#### [REQUIRED ACTION]
I would like the lines below, from the one with "From the side" through the one with "Häfele 641.00.901 /", copied exactly and without any pictures.

#### [PROVIDED ENTRIES]
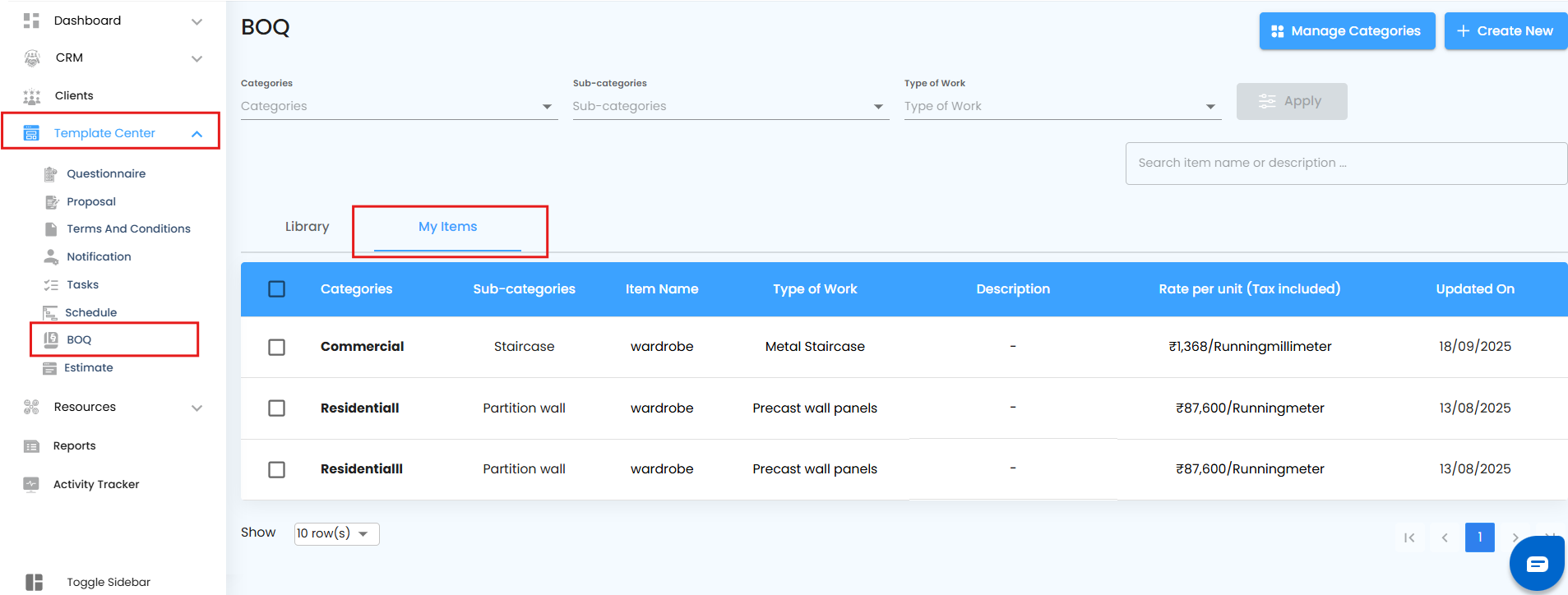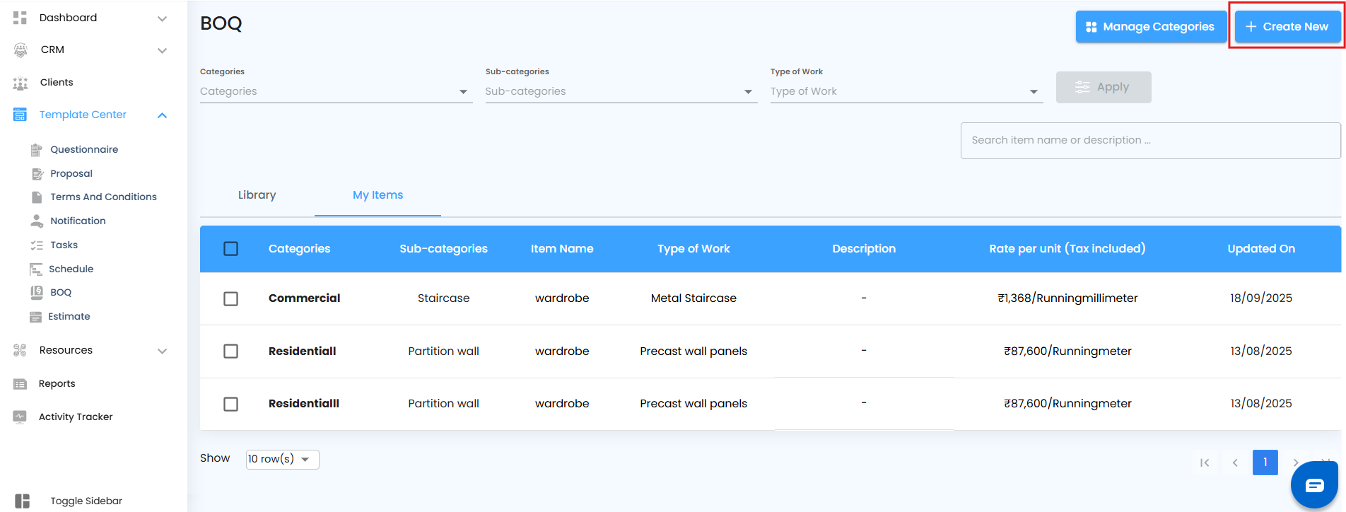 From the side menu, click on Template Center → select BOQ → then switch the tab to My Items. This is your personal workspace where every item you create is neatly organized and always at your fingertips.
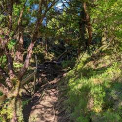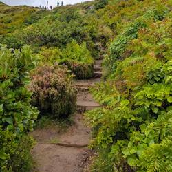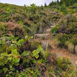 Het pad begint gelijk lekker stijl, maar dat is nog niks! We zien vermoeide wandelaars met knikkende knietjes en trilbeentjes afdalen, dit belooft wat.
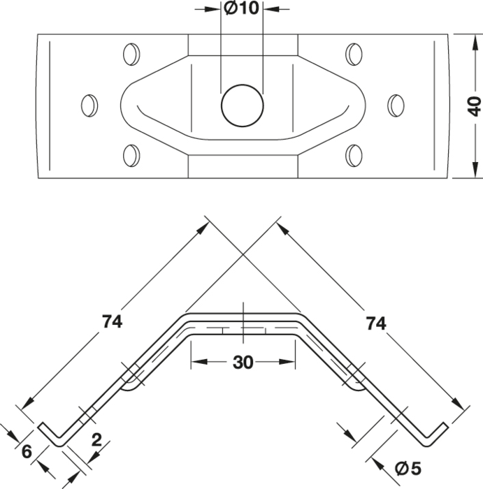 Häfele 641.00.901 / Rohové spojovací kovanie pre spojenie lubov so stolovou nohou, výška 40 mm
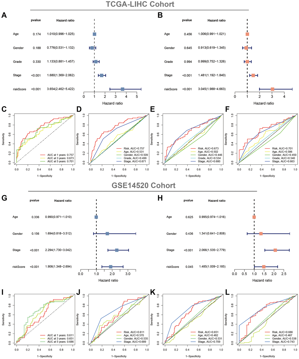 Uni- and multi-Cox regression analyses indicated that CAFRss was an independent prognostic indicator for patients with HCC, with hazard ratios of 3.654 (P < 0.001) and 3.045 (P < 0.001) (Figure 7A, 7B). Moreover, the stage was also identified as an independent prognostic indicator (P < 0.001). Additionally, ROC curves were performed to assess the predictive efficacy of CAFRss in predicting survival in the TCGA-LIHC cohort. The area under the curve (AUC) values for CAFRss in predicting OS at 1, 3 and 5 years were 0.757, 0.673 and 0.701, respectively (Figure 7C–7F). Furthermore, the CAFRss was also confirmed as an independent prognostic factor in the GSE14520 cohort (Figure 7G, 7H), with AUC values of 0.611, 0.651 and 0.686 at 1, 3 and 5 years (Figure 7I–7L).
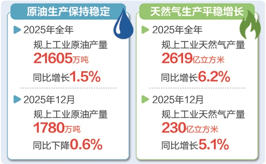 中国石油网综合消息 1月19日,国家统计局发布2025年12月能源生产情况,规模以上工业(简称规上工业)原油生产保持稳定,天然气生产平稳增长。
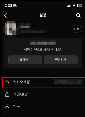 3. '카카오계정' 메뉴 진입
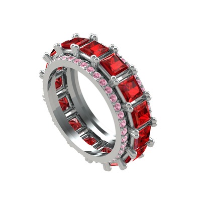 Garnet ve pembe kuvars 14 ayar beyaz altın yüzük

* * *

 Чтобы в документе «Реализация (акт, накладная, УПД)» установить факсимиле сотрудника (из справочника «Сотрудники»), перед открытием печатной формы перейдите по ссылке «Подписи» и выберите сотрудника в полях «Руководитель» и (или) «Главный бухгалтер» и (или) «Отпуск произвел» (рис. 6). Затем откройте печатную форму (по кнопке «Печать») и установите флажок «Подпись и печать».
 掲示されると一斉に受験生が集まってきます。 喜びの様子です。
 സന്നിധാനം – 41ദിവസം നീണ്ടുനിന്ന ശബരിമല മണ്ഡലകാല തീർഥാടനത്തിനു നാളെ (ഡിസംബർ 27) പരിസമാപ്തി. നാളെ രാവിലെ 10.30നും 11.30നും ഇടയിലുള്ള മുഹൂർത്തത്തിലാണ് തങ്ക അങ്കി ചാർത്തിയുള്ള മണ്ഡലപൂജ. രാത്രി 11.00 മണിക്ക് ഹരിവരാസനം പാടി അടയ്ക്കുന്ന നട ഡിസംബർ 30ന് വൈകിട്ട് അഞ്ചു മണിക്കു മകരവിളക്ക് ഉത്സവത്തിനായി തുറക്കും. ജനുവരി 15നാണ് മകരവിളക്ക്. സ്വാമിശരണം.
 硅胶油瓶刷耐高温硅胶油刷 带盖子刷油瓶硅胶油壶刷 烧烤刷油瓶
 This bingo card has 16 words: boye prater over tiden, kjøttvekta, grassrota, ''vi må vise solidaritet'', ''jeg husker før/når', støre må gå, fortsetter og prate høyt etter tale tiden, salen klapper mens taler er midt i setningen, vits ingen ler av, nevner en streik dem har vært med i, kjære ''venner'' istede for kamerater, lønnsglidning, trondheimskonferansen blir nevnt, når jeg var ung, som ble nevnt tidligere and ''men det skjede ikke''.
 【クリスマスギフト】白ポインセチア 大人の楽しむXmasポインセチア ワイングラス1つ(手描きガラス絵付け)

--

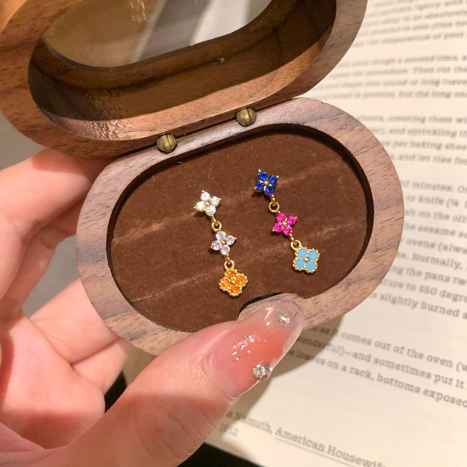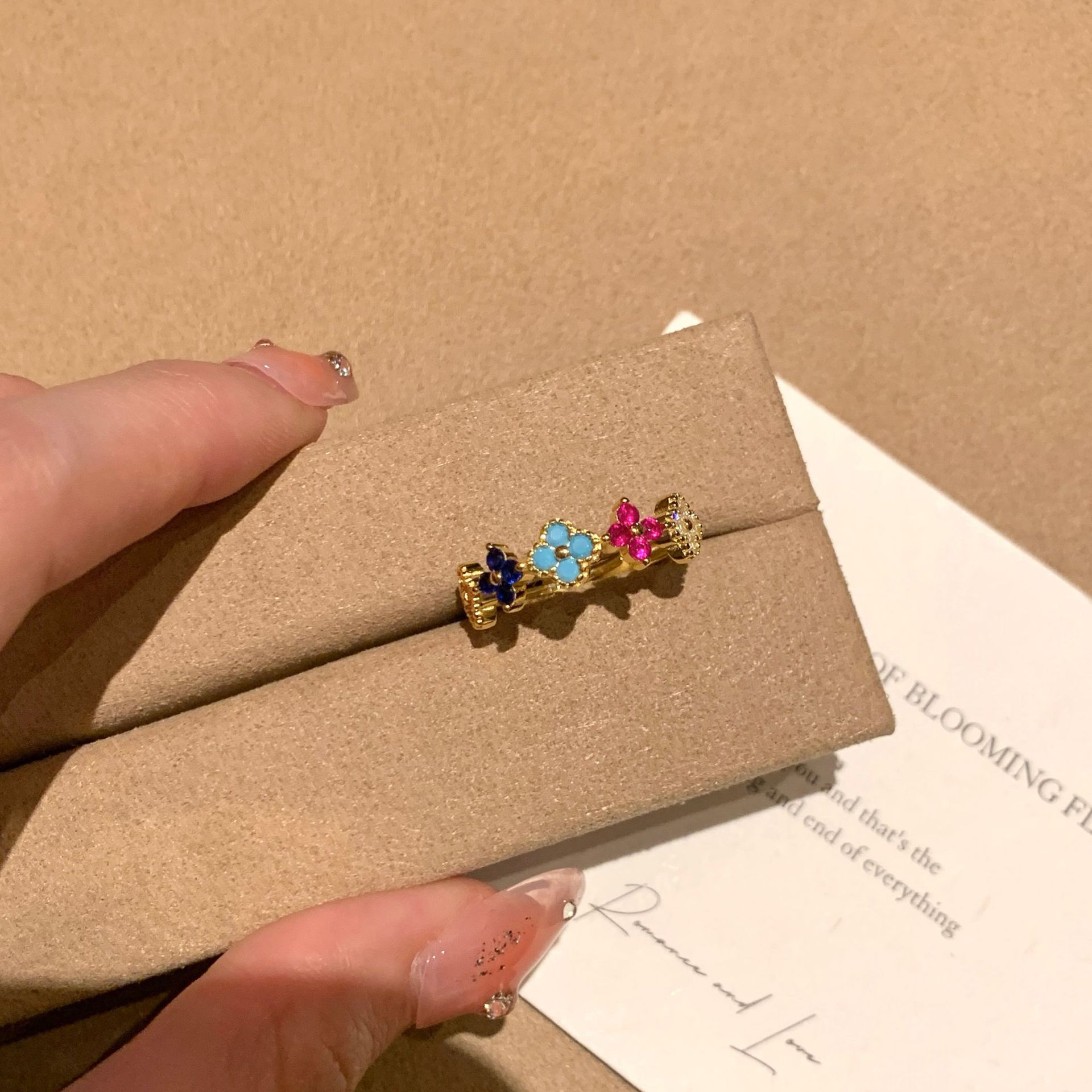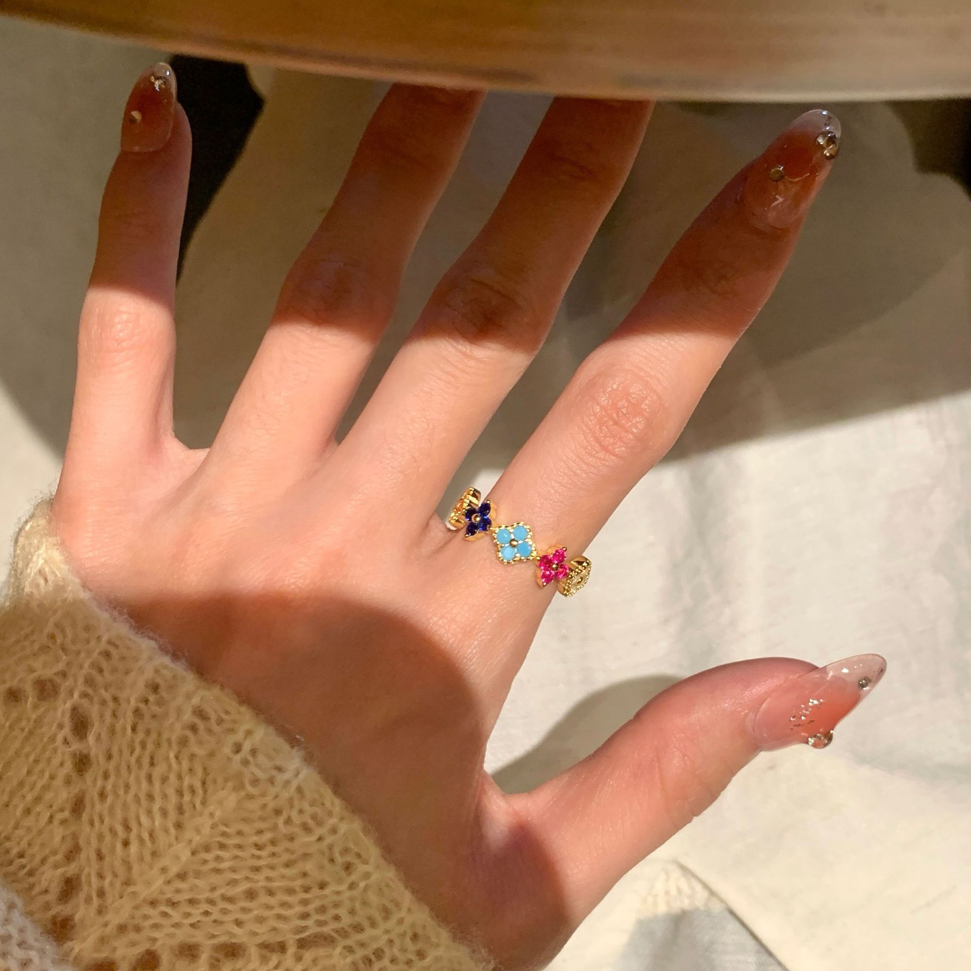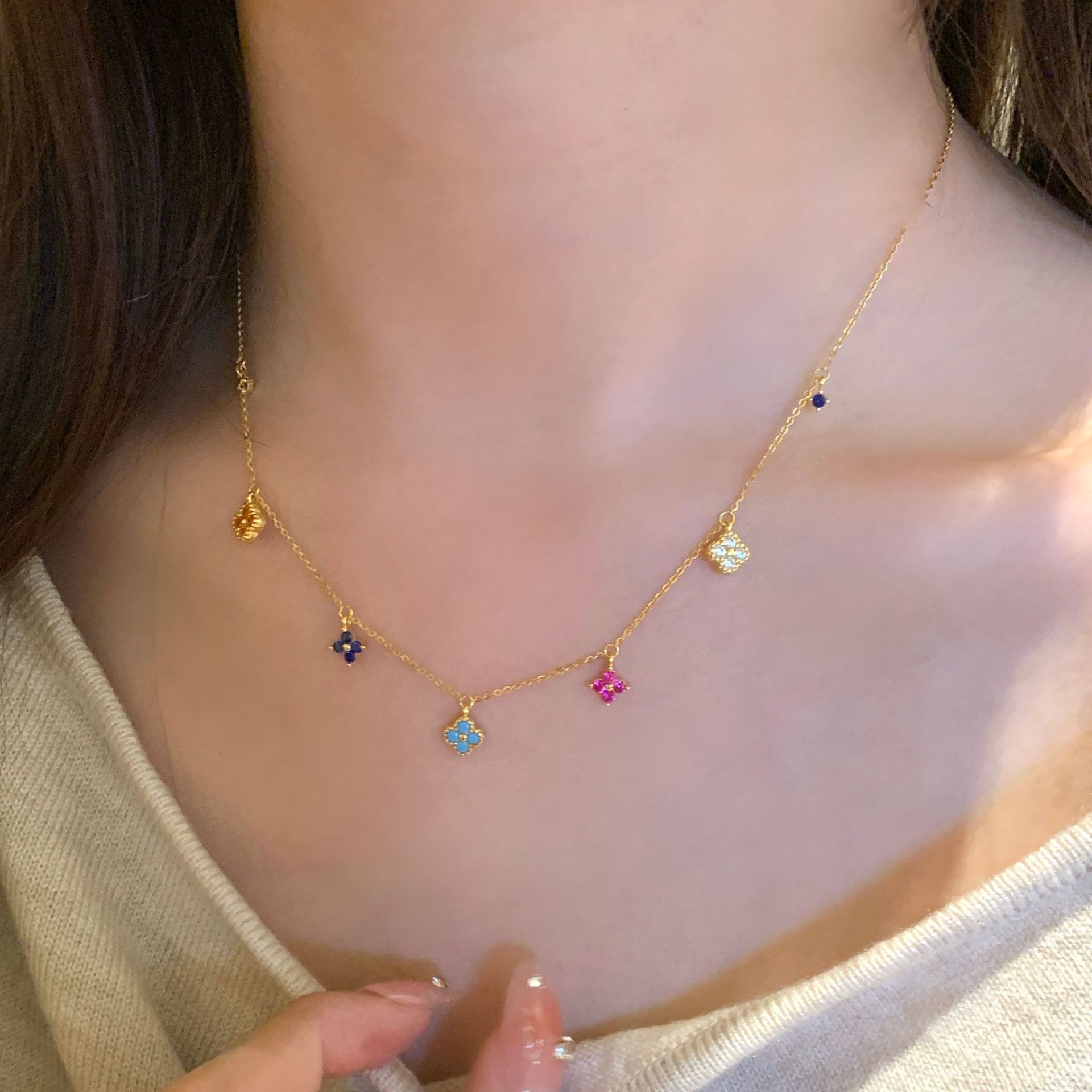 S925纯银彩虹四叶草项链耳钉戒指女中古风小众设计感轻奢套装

#### [EXERCISE ANSWER]
 From the side menu, click on Template Center → select BOQ → then switch the tab to My Items. This is your personal workspace where every item you create is neatly organized and always at your fingertips.
 Het pad begint gelijk lekker stijl, maar dat is nog niks! We zien vermoeide wandelaars met knikkende knietjes en trilbeentjes afdalen, dit belooft wat.
 Häfele 641.00.901 / Rohové spojovací kovanie pre spojenie lubov so stolovou nohou, výška 40 mm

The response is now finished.